Artemova (2020) “Deep Learning for the Russian Language” by Ekaterina Artemova: This paper discusses deep learning applications in processing the Russian language. While it provides insights into the challenges and techniques of deep learning in NLP, it does not specifically focus on verb classification or address my goal.
Kutuzov A. (2017) “RusVectōrēs: A Toolkit for Building Web Interfaces for Vector Semantic Models” by Kutuzov A., Kuzmenko E.: This paper presents a toolkit called RusVectōrēs, which computes semantic relations between words in Russian and provides pre-trained distributional semantic models. While this resource can be useful for analyzing the semantics of Russian words, it does not directly relate to verb classification or my project’s objective.
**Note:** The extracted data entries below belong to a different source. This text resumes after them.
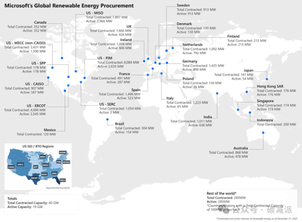 微軟清潔能源投資呈現高度全球化特徵。在歐洲,合約容量領先的國家包括英國,西班牙和德國;亞太地區則由印度,澳洲領先新增容量。這種跨區域採購不僅分散投資風險,也加速不同階段能源轉型市場的清潔電力部署。
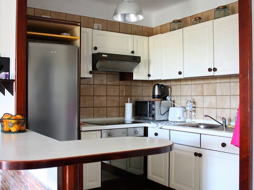 Sollte die Wohnung mit mehr als 2 Personen gebucht werden, so kann das Sofa im Wohnzimmer zu einem Schlafplatz für zwei weitere Personen umgebaut werden. Neben dem Sofa befindet sich noch ein Beistelltisch und Internet ist ebenfalls vorhanden.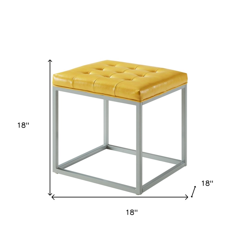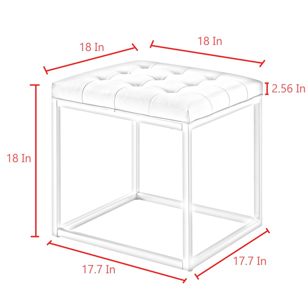 Add a good looking decorative accent to your space that is also practical for seating. Add chic style to your space with this fun cube that not only looks cool but can be a great foot rest or extra seat when needed. A gray metal frame is finished off with a purple upholstery seat that is the epitomy of quality construction and design. Expertly upholstered with padding in a soft solid color faux leather, this ottoman is as comfortable as it is good looking. Easy to blend into most any room, a ottoman is a way to add a good looking accent to your space that can also be practical and useful. . 18" H x 18" W x 18" D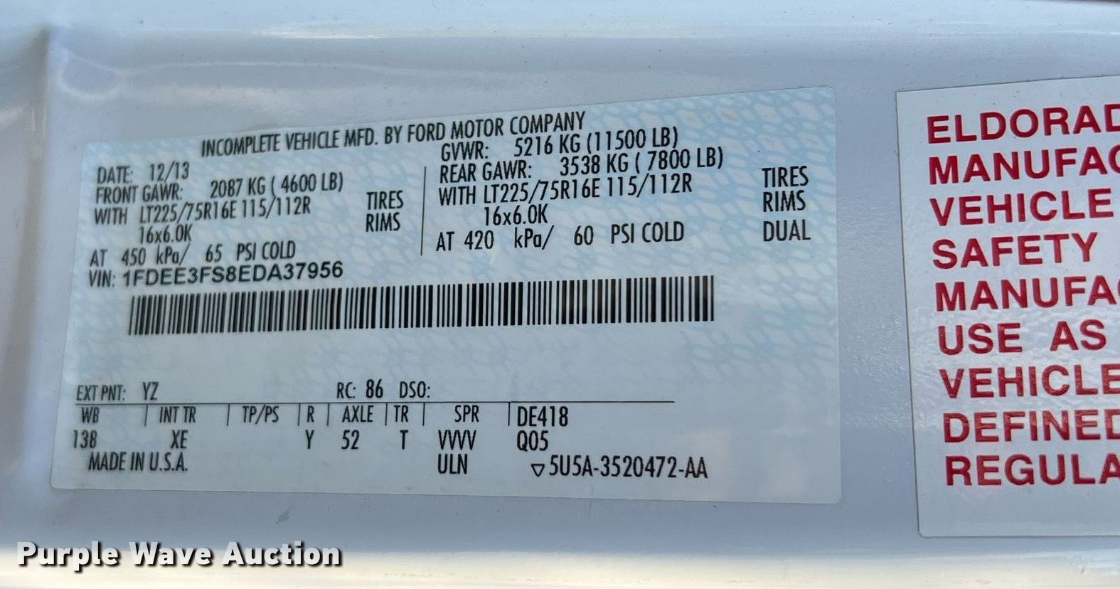 2014 Ford E350 shuttle bus. Miles: Unknown, VIN: 1FDEE3FS8EDA37956, Unit #: 7956. Engine Ford, Displacement: 6.8L, Cylinders: 10, Fuel type: Gas. Transmission Automatic. Chassis Axles: Single, Suspension: Spring, Brakes: Hydraulic, GVWR: 11,500 lbs, Wheelbase: 138". Interior AC, Heat, Cruise control, Passengers: 8, Wheelchair lift. Tires Size: 225/75R16. Notes No key, Lift door locked, Unknown operating condition of wheelchair lift, Non-operational unit. Texas title. Title distribution may be delayed up to 14 days from verification of funds. Mileage has not been verified. Exempt will be written in the odometer disclosure on the title. Alamo Area Council of Government. San Antonio, TX 78237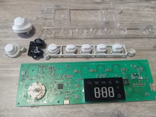 Placa base para secadora EDPE G45A1ECO. Componente electrónico con pantalla digital y varios botones. - Pantalla digital. - Botones de control. - Componentes electrónicos.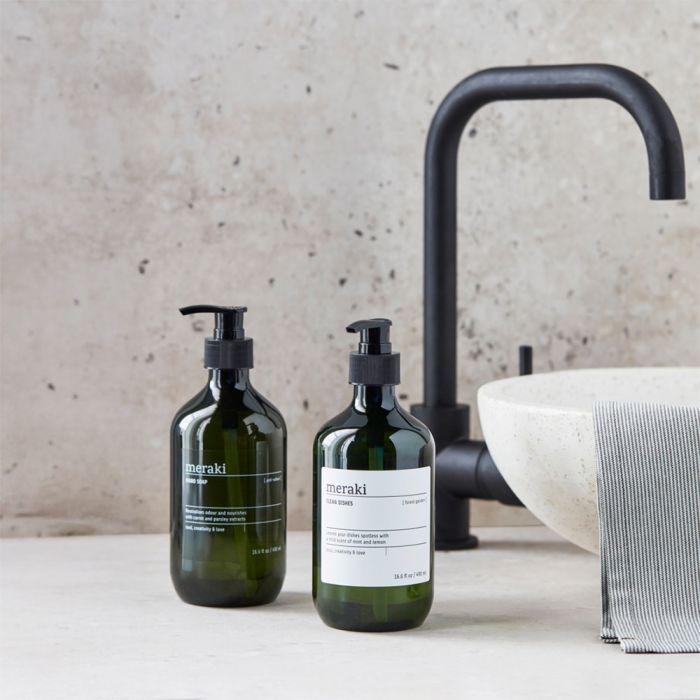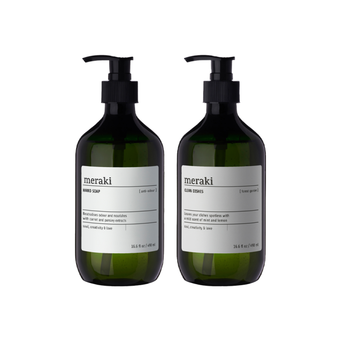 Det här gåvosetet från Meraki innehåller två oumbärliga produkter för köket, båda i gröna pumpflaskor med 490 ml. Handtvålen är utvecklad för att neutralisera matos och lämnar händerna med en ren och lätt mintblommig ton. Betain hjälper till att hålla huden mjuk och stärker hudbarriären vid frekvent handtvätt. Diskmedlet Forest Garden är Svanenmärkt och har en frisk doft, där mint och citron skapar en ren och uppiggande känsla under diskningen. Setet förenar funktion och välbefinnande i ett stilrent helhetsintryck och levereras i en vacker presentförpackning, vilket gör det till en fin värdinnegåva, inflyttningspresent eller omtänksam hälsning i vardagen.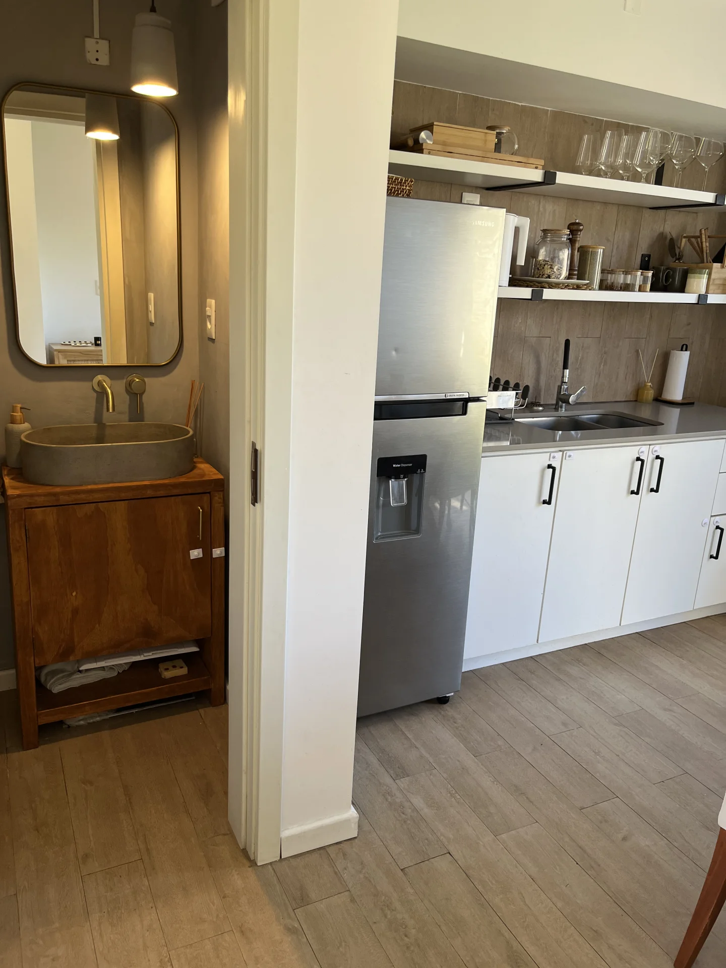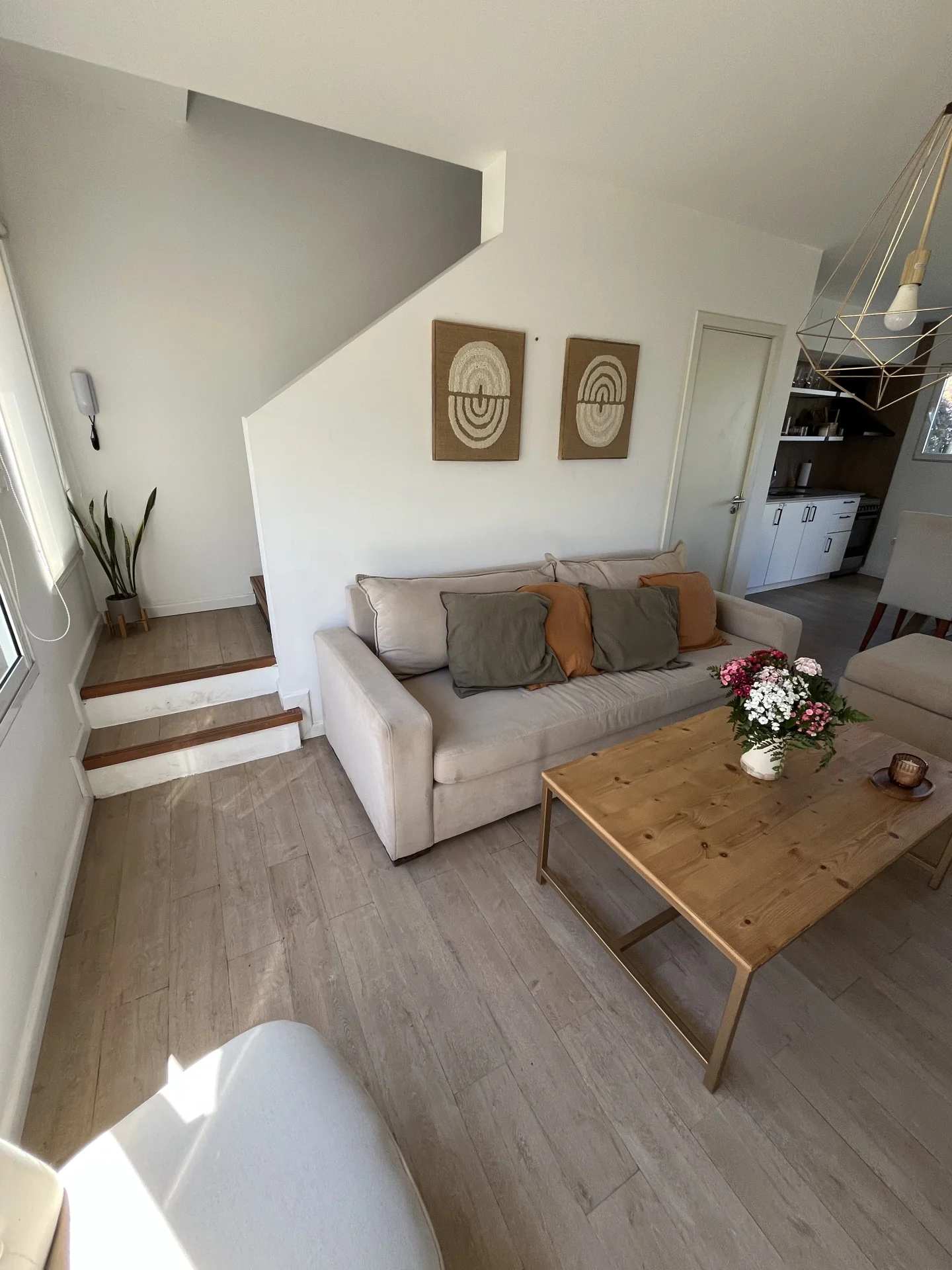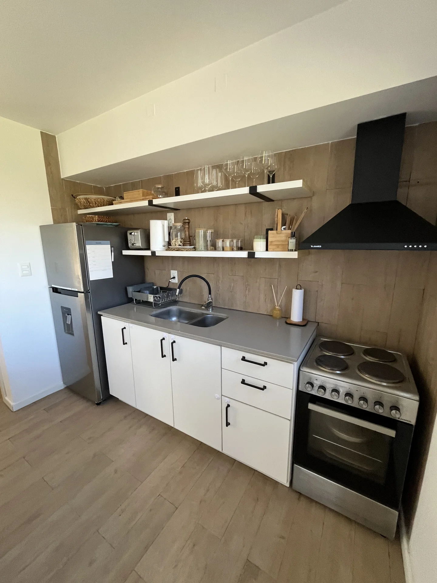 -Living comedor muy luminoso con cocina integrada. Salida al Patio por ventanal.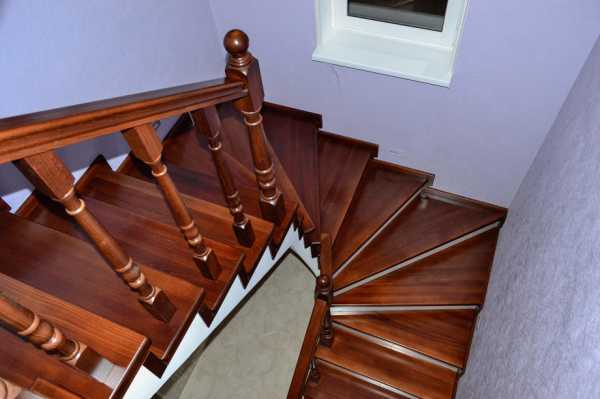 Более сложный вариант – лестница двухмаршевая с междуэтажной площадкой или забежными ступенями. Изготовить забежные ступени сложнее, чем площадку, но они позволяют сделать более коротким лестничный марш и сэкономить место.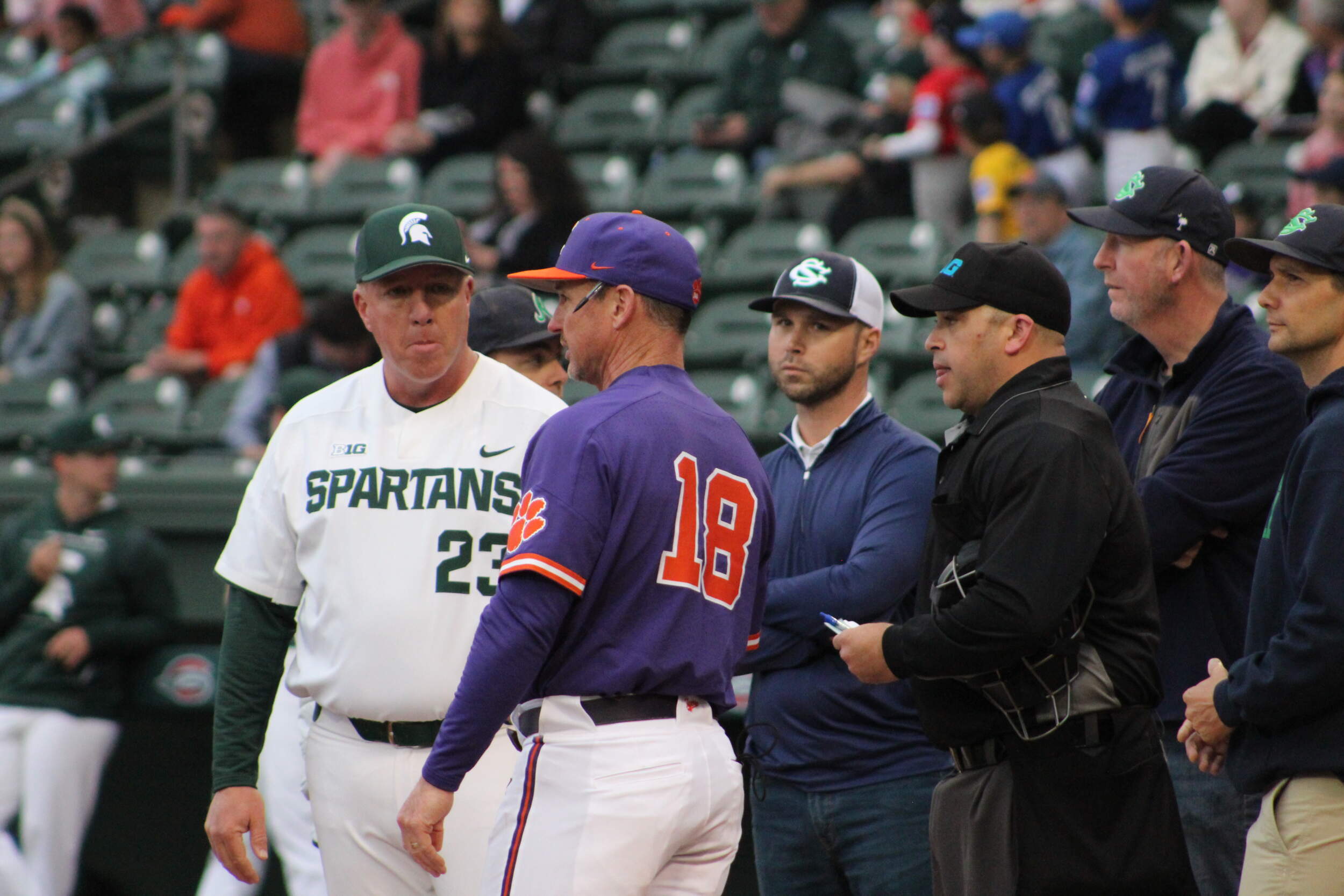 GREENVILLE, S.C. – Behind two costly errors in the eighth inning, No. 18 Clemson broke a 1-1 tie with two runs to defeat Michigan State 4-2 at Fluor Field on Wednesday night. The Tigers improved to 12-0, while the Spartans fell to 5-6. Clemson also upped its winning streak to 13 games dating to 2021. That streak is tied for 10th longest in school history and is Clemson’s longest since 2006.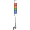 高輝度LEDを採用のΦ50mm LED積層表示灯で機械や設備の稼働状況を明確に視認できるよう設計、洗練されたデザインと安心の品質で装置の見える化をサポート、主要な認証取得済み、保証期間18か月間、NPN/PNPオープンコレクタ接続に標準対応、ポール+L金具取付、ブザー付き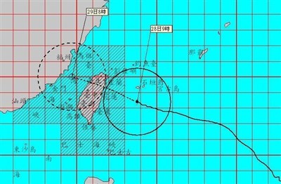 根據氣象局顯示的最新資料,杜鵑颱風速度加快,8時半中心位置在花蓮的東南東方約260公里之海面上,以每小時18轉21公里速度,向西北西移動,其暴風圈已進入台灣東半部近海,對台灣各地及澎湖、馬祖構成威脅。預估今天晚上到明天清晨風雨影響最嚴重。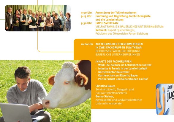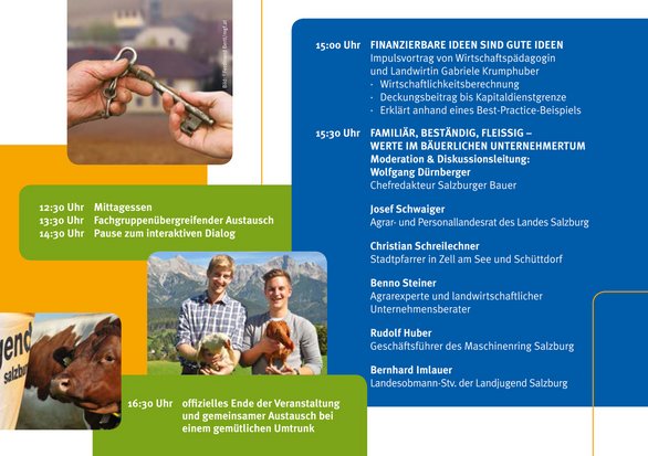 Der Tag der jungen Landwirtschaft ist ein Landwirtschaftskongress für junge HofübernehmerInnen und agrarisch interessierte Jugendliche. Es wird hier die Möglichkeit geboten, sich mit Alterskollegen auszutauschen, zu vernetzen und neue Inputs aus Expertenhand zu erfahren. Neben dem Auftakt des Präsidenten des Ökosozialen Forums Salzburg, Rupert Quehenberger, zum Jahresthema der Landjugend erwarten die TeilnehmerInnen, Workshops von Seminarbäuerin und Bloggerin Christina Bauer und Agrarunternehmensberater Benno Steiner. Die neuen Ideen der jungen HofübernehmerInnen sollen auch finanzielle Früchte tragen. Wirtschaftspädagogin Gabriele Krumphuber gibt anschließend Einblick in die Finanzierbarkeit von unternehmerischen Vorhaben. Den Abschluss der Veranstaltung bildet die Podiumsdiskussion „Familiär, beständig, fleißig – Werte im bäuerlichen Unternehmertum“ bei der Vertreter aus Religion, Politik und Wirtschaft über den Werteerhalt in unserer Gesellschaft sowie über die Bedeutung, die bäuerlichen Familien zuteil wird, berichten. Bei gemütlichem Ausklang werden die Ergebnisse des Tages besprochen und reflektiert. Programmpunkte und Inhalte:

Aleksandr Sboev (2016) “Machine Learning Models of Text Categorization by Author Gender Using Topic-independent Features” by Aleksandr Sboev et al.: This paper focuses on the problem of text categorization based on the author’s gender using clues like word endings and context. Although it deals with machine learning techniques applied to Russian-language texts, it does not address verb classification or align with my specific goal.
Olga Lyashevskaya (2015) “Inducing Verb Classes from Frames in Russian: Morpho‑Syntax and Semantic Roles”: This paper presents clustering experiments on Russian verbs using data from the Russian FrameBank. It explores the hypothesis of grouping verbs into semantic classes based on lexical and syntactic distributional profiles. While it pertains to verb classification in Russian, it does not directly align with my project’s objective of predicting attributes such as tense, person, and mood.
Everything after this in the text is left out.